SWE-Perf: Can Language Models Optimize Code Performance on Real-World Repositories?¶

🎯 Pitch¶

SWE-Perf introduces the first benchmark to systematically evaluate language models on their ability to optimize code performance at the scale of full, real-world software repositories—moving beyond existing tests of code correctness or toy function tuning. By curating 140 authentic, performance-improving GitHub pull requests with reproducible execution environments and expert-written speedup patches, SWE-Perf reveals a significant gap between current LLM capabilities and human expertise, emphasizing both the challenge and critical importance of automated efficiency improvements for production software. This benchmark sets a new standard for measuring and advancing AI-driven performance optimization at the system level.

1. Executive Summary (2–3 sentences)¶

SWE-Perf introduces the first benchmark that evaluates whether language models can speed up real code in whole repositories, not just fix bugs or optimize toy functions.

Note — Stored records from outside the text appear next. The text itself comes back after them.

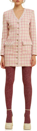 Bring preppy polish to your ensemble in this plaid mini cut from tailored tweed and trimmed with ornate braiding along the pocket flaps and placket.
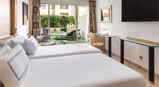 Bright and spacious room with a separate lounge with a sofa-bed, dining table and a terrace with magnificent views of Plaza de España and the hotel pool. Rooms feature a separate hall-dressing room with two large closets, a soundbar with Bluetooth connection and two 43-inch plasma TVs. Bathrooms have a larger shower with an upgraded shower head.
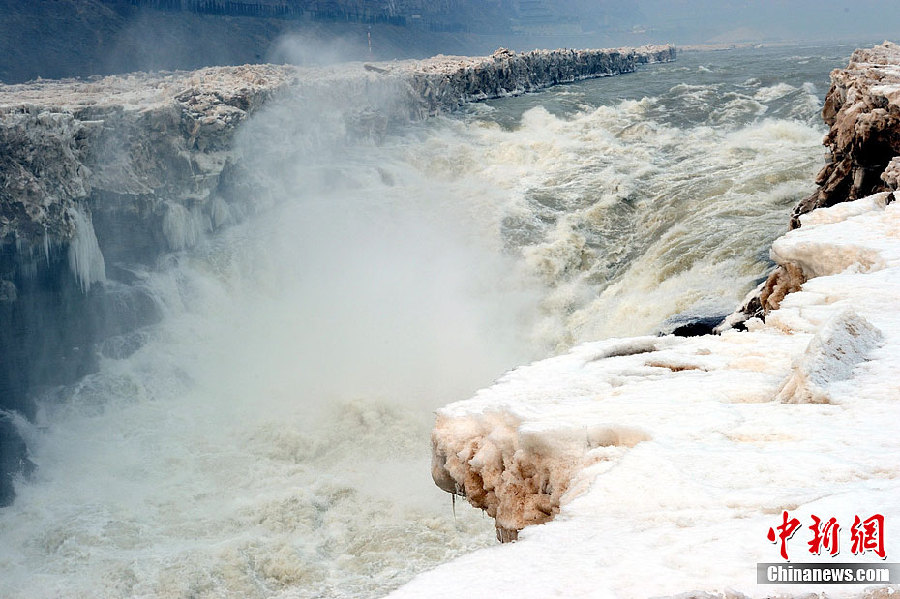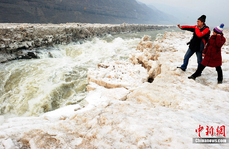 2月12日,來自西安游客站在吉縣一側(cè)黃河壺口冰封撕裂層面上拍照留念。近日,隨著氣溫的回升,封凍月余的黃河壺口瀑布開始消融,形成一條30多米長、10多米寬的壺槽,給初春的壺口瀑布帶來勃勃生機。中新社發(fā)袁景智 攝 圖片來源

Built from 140 real performance-improving GitHub pull requests across 9 widely used projects, it provides executable Docker environments, target functions, and expert patches, and measures statistically significant runtime gains; results show a large gap between current LLM systems (best ≈2.26% gain) and expert edits (≈10.85% gain) (Table 2).

2. Context and Motivation¶

Problem addressed
Most LLM benchmarks for software engineering check correctness (do tests pass?) rather than efficiency (how fast does the code run?). Repository-level performance optimization requires cross-file reasoning, API awareness, and safe refactoring—capabilities that current datasets and systems do not directly assess (§1, §2).
Why this matters
In production systems, faster code reduces compute cost, latency, and energy use. Prior work shows efficiency can deliver system-wide benefits (e.g., energy/process efficiency studies) that correctness alone cannot unlock (§1, citations).
Prior approaches and shortcomings
Function-level efficiency datasets (e.g., Mercury, EFFIBENCH, EvalPerf, KernelBench) focus on isolated algorithmic snippets, missing inter-module dependencies and repository-scale trade-offs (§2 “Code Efficiency”).
Repository-level SWE benchmarks (SWE-Bench, SWE-Gym, SWE-Dev, etc.) target bug fixing or test-oriented objectives with crisp ground truth, not the open-ended task of improving runtime performance (§2 “Repository-Level SWE Tasks”).
Without human reference implementations, it is hard to know whether further optimization is possible; existing resources lack reproducible environments and clear tests of statistically significant speedups (§1).
How this work positions itself
SWE-Perf bridges the gap by (1) extracting real performance-improving PRs, (2) recreating runnable environments (Docker), (3) supplying expert patches as a reference “ceiling,” (4) offering both file-level (“oracle”) and repo-level (“realistic”) targets, and (5) using rigorous statistics to validate repeatable speedups (Figures 1–2; §3–§4).

3. Technical Approach¶

SWE-Perf is a dataset and evaluation framework built in five phases (Figure 2), plus a task setup with two evaluation settings and three metrics.

Key terms defined
Pull request (PR): a proposed set of code changes submitted to a repository for review and merge.
Unit test: a small automated test that verifies a specific function or behavior.
Docker: a container system that packages an application and its dependencies into a reproducible environment.
Oracle vs. Realistic settings: “Oracle” gives the model the exact files/functions humans edited; “Realistic” gives only functions executed by tests and lets an agent explore/modify the whole repository (§3.2 Phase 5).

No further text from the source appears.